Live poetry in Melbourne is a jumping crisscrossing of mic leads and literary live wires where Melbourne Spoken Word (MSW) is ever-present, organising and promoting a broad spectrum of poetry events. In this spirit Audacious has potential as another developing platform for Melbourne’s spoken word scene. By no means the first of its kind, issue one is preceded by similar chronicles of audio poetry such as Project 3056 (2010) compiled by poet Benjamin Theolonious Sanders (IQ), and sits alongside the recent audio accompaniment to Unusual Work 18. While these latter collections may be more nuanced in their focus, what makes Audacious distinct is precisely the unevenness characterising its inaugural outing. The loose, open-ended journal format suggests malleability – a potential to reflect changes in the scene as they come. The motley collection spotlights one camp in a diverse local scene: one frame of a landscape in constant flux, this is by no means a definitive guide, but rather a point of entry.

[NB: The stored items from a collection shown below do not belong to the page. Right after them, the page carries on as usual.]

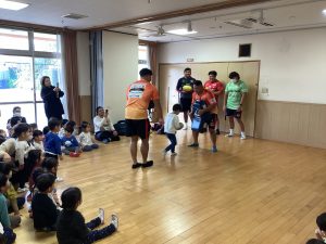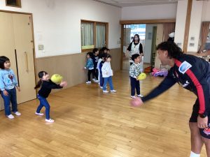 4.5歳児は、選手と一緒にゲーム遊びもしました。
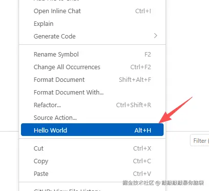 可以直接通过右击菜单的Hello World或者Alt+H快捷键触发helloWorld命令
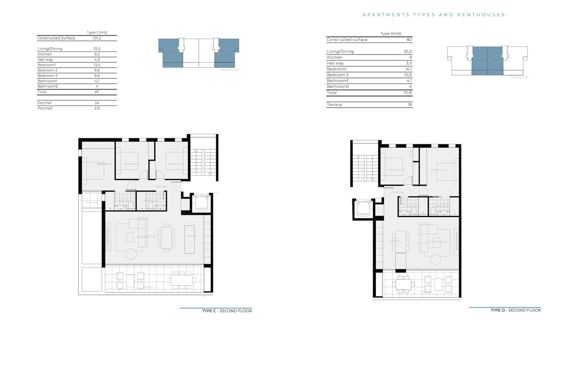 Interiøret i disse boligene er nøye designet for å tilby komfort og modernitet. Leilighetene, første etasjene og penthouseene er tilgjengelige i konfigurasjoner med 2 og 3 soverom, alle med 2 bad. Kjøkkenene er fullt utstyrt med moderne hvitevarer, og boligene er møblert, klare til innflytting. Klimaanlegget inkluderer aircondition og gulvvarme, som sikrer komfort hele året. Keramiske og porselensfliser gir et snev av sofistikasjon og er enkle å vedlikeholde. Elektriske persienner og videointercom gir et ekstra nivå av komfort og sikkerhet.
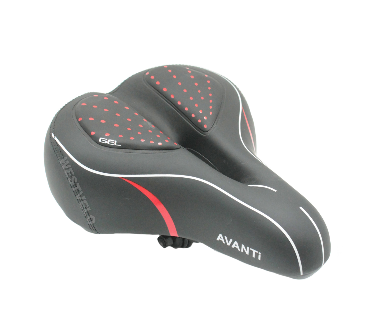 Сідло на пружинах з отвором AVANTI № 189 GEL, чорне з крапками (червоні)
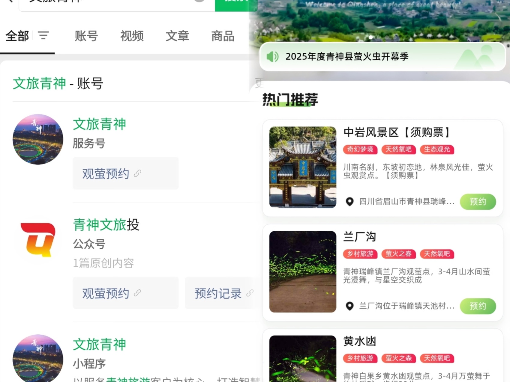 “青神文旅投”公众号预约界面
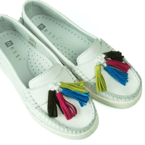 Wygodna, miękka, biała podeszwa grubości ok. 2 cm przód, ok. 3 cm tył.
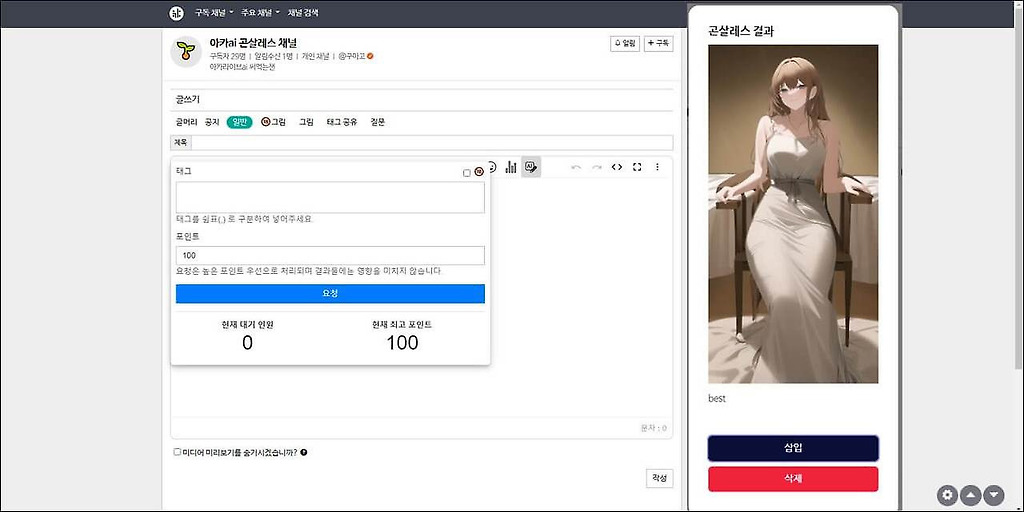 단, 이미지를 한번 생성할 때 최소 500포인트가 필요하고, 포인트를 얻기 위해서는 글쓰기와 댓글 쓰기 활동을 해야 하기에 평소 아카라이브에서 활발하게 활동하시는 분이 아니라면 추천하기는 힘들 것 같습니다.
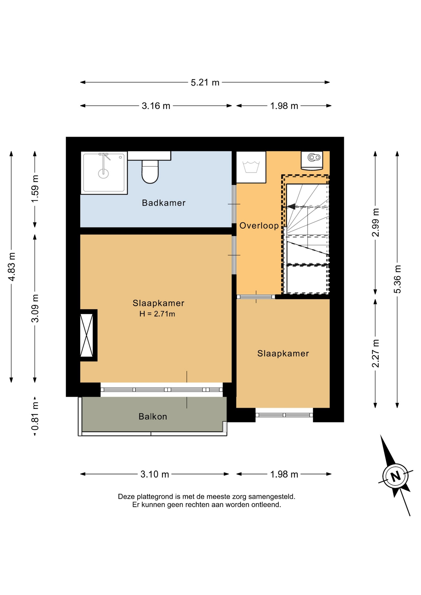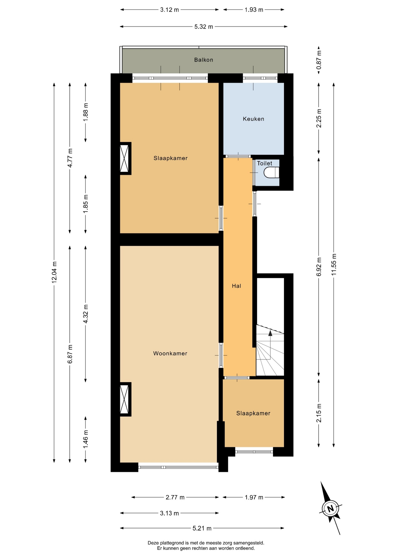 “Deze informatie is door ons met de nodige zorgvuldigheid samengesteld. Onzerzijds wordt echter geen enkele aansprakelijkheid aanvaard voor enige onvolledigheid, onjuistheid of anderszins, dan wel de gevolgen daarvan. Alle opgegeven maten en oppervlakten zijn indicatief.”
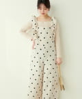 肩ヒモのフリルが印象的なので、インナーはシンプルなアイテムを選ぶだけできまります。
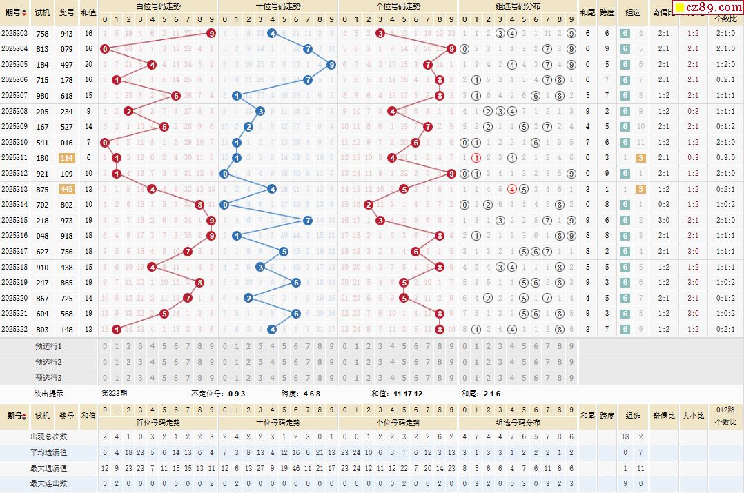 > 323期体彩排列3近期历史号码图表

The best moments in Audacious are when the categories of poetry and performance support one another; or perhaps, when artists are least self-conscious of these categories. Jacky T’s ‘Landmark’ is exemplary of this and a highlight of the collection. The home truths of the poem – loss and the desperate banality of living in its wake – emerge painfully through voice and its tension with the music simmering underneath. Like a held breath, pushing the words forward, the listener is held by every impression until the poem’s final line: ‘As the traffic lets up, you hold a note and bend it / We listen as we pass.’ And then the music pours forth like an exhalation, a release for the grief that words cannot find.

In regrettable contrast are the frequent attempts to conform to tired notions of ‘poet’ or ‘slammer’. These are immediately apparent in clumsy, forced rhyme (‘this age of apathetic muscles, collapsing corpuscles […] lost in the vortex of your cerebral cortex’ – O’Sullivan’s ‘Language of Ghosts’; ‘gyrate with my mates in my irate pirate crew’ – Dennis’ ‘Pirates’), exaggerated breaths (Hassell’s ‘The Talk’), inexplicable climaxes and denouement (‘you couldn’t even decide between being a couch … or a bed / You don’t know who the fuck you are!’ – Weitzman’s ‘Couch’) and lackluster repetitions (‘we can’t see you we can’t see you we can’t see you’ – Fury’s ‘Google’). The self-loving arrogance evident in ‘I make love to the lyrics of the words of the songs I have written for the girls’ (‘The Talk’) is, contrary to the poem’s intentions, neither sensual nor liberating. The (mis)appropriation of once politically-charged forms like slam is the aural equivalent of donning a Che Guevara t-shirt – opportunistic and insincere in spite of the purported political awareness of the wearer. These poems and their delivery exemplify US slam poet Taylor Mali’s point about performance-poetry-by-numbers in his now classic ‘How to Write a Political Poem’: ‘Mix current events with platitudes of empowerment. / Wrap up in rhyme or r-r-r-r-rhyme it up in rap until it sounds cool.’ In other words, what is actually being said becomes secondary, incidental to the form. The uncritical adoption of the stylistic idiosyncrasies of performance poetry, slam, and hip-hop – from the punchy delivery and syncopations, down to the drawn breaths and American swagger – are imitation verging on parody. There are even instances where the accent shifts from Australian to American within the same piece.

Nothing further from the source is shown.